**Input data:**
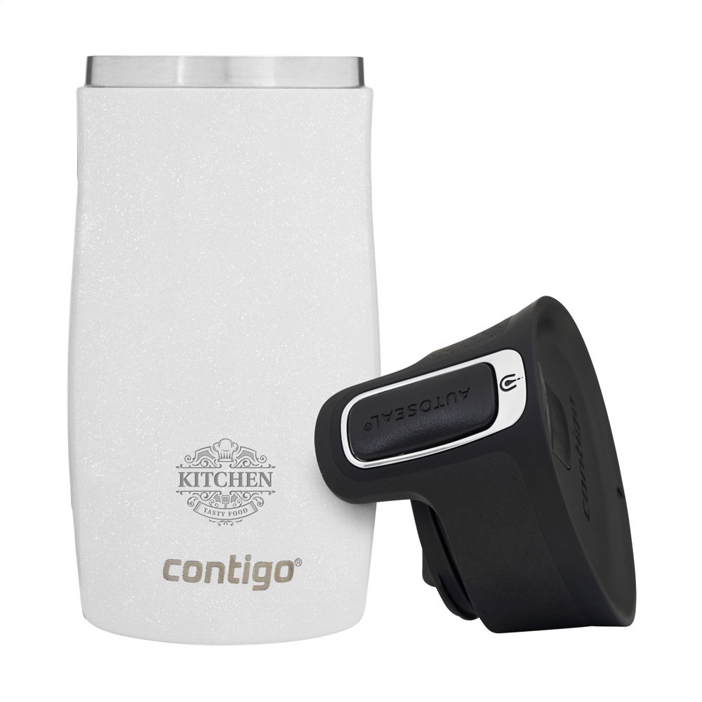 Dubbelwandige Contigo® thermosbeker met RVS binnenwand, van het merk Contigo®. De AUTOSEAL™ technologie met extra veiligheidssluiting garandeert een 100% mors- en lekvrije drinkervaring. De THERMALOCK™-technologie houdt dranken tot 14 uur koud of tot 4 uur warm. Enkel het deksel is vaatwasserbestendig (in het bovenste rek plaatsen). De beker met de hand afwassen. Inhoud 300 ml. VOORRAAD INFORMATIE: Tot 1.000 stuks beschikbaar binnen 10 werkdagen. Uitzonderingen voorbehouden. Contigo: Dé uitblinker in kwaliteit, vormgeving en technologie. Direct herkenbaar aan de strakke en stijlvolle vormgeving, stevig en sterk. De innovatieve waterflessen en thermosbekers zijn geurloos, smaakvrij en BPA-vrij. De drinkflessen zijn met één hand te bedienen en gegarandeerd 100% lekvrij, dus overal en altijd te gebruiken. Met 2 jaar fabrieksgarantie.
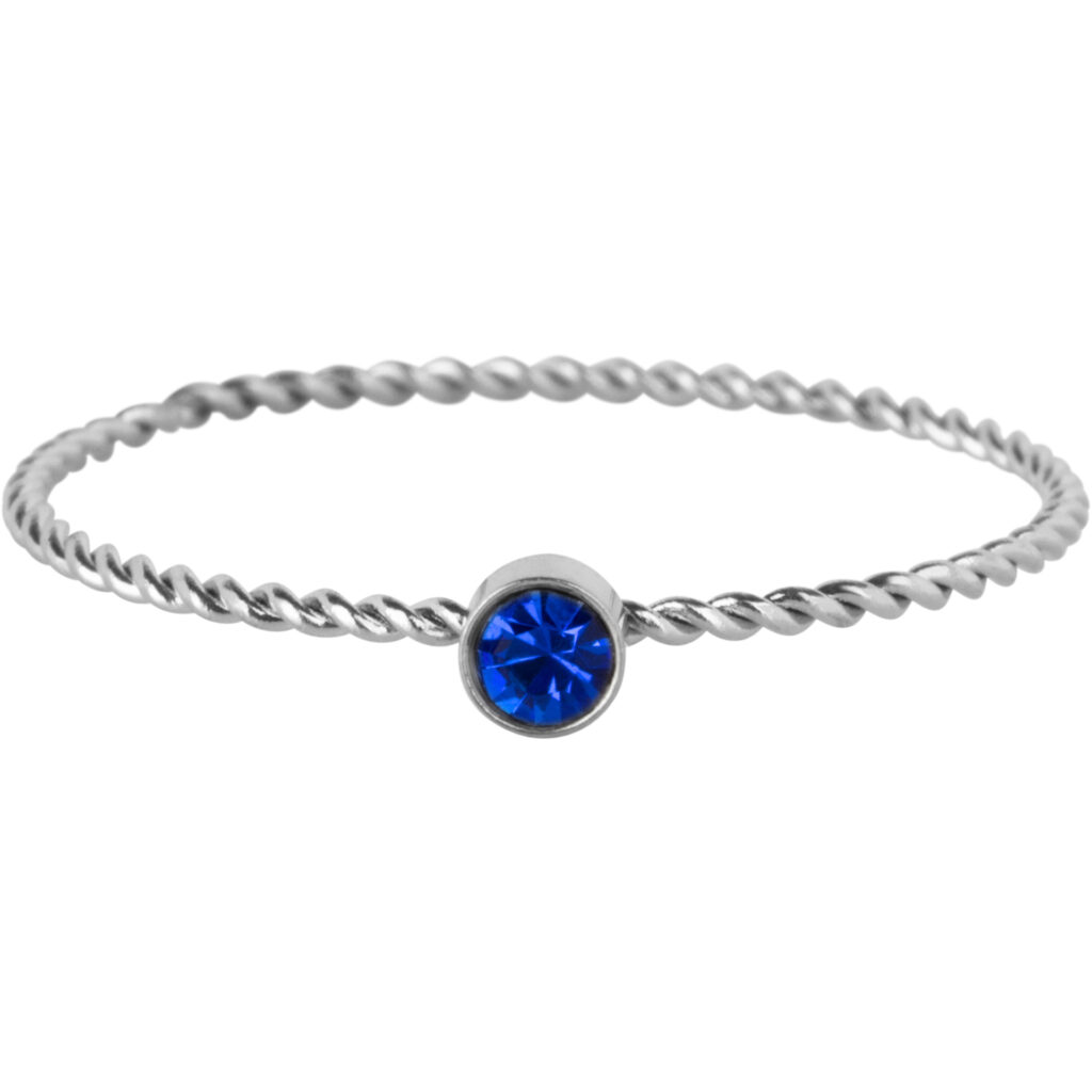 Stalen stapelring “Charmin’s Gedraaide Birthstone Ring Donker Blauw Kristal Staal R1444” van het fashion sieradenmerk Charmin’s. Maat 18 valt iets groter uit.
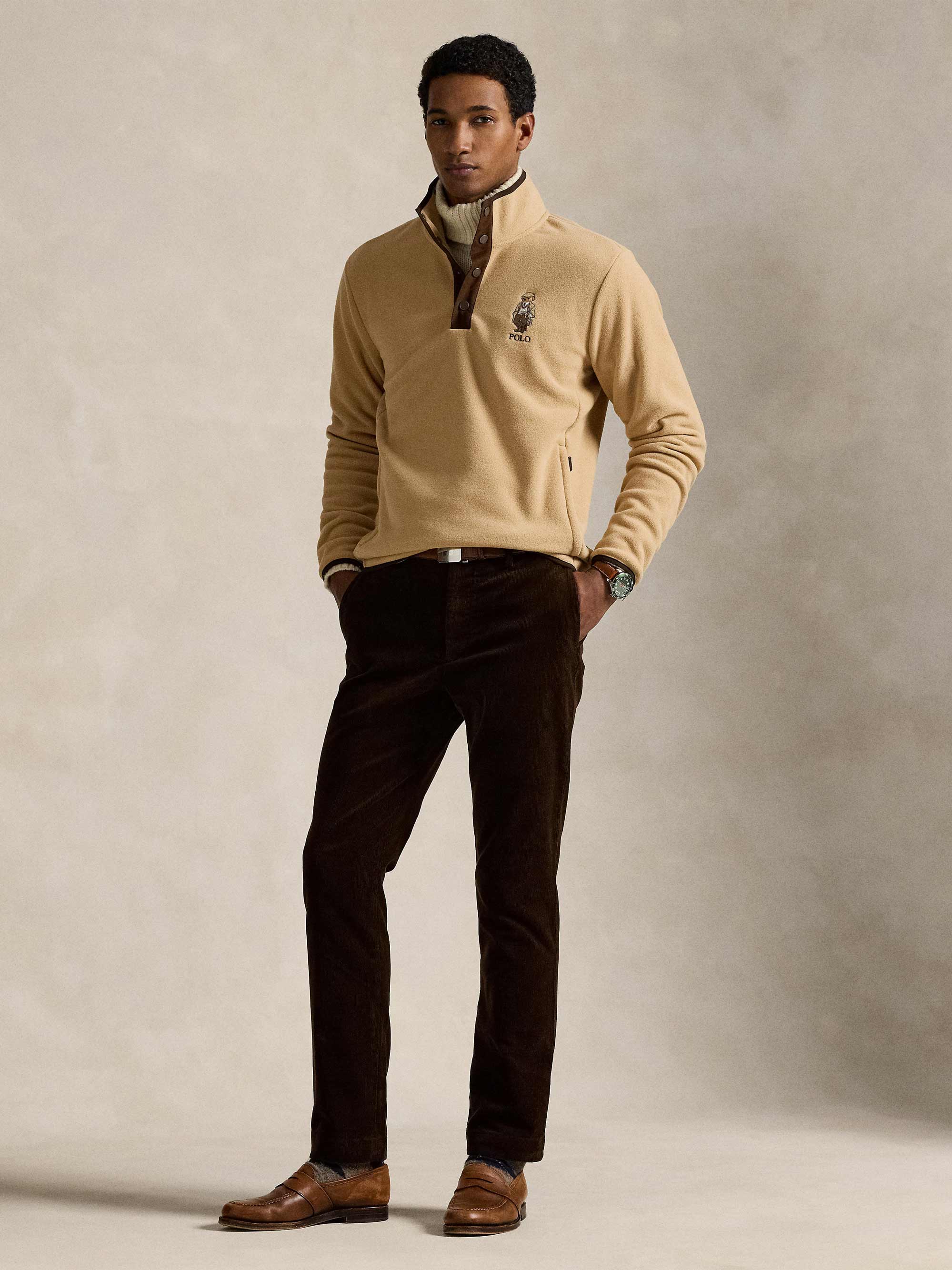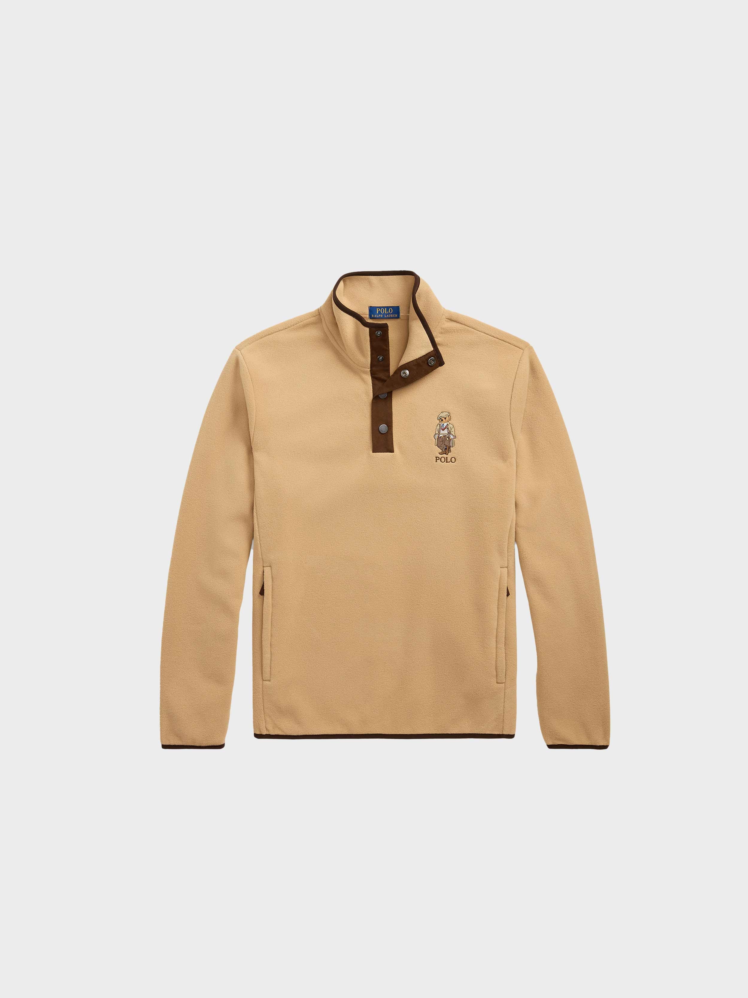 • In brushed fleece, this mockneck pullover features the iconic Polo Bear intricately embroidered at the chest. It is meticulously detailed with faux-suede trim at the placket and custom-developed hardware.

**How to complete this task:** Only the lines from the line containing "iets groter uit." through the end of the material should be retyped, exactly and in full, with no pictures.

**Output of the task:**
 Stalen stapelring “Charmin’s Gedraaide Birthstone Ring Donker Blauw Kristal Staal R1444” van het fashion sieradenmerk Charmin’s. Maat 18 valt iets groter uit.
 • In brushed fleece, this mockneck pullover features the iconic Polo Bear intricately embroidered at the chest. It is meticulously detailed with faux-suede trim at the placket and custom-developed hardware.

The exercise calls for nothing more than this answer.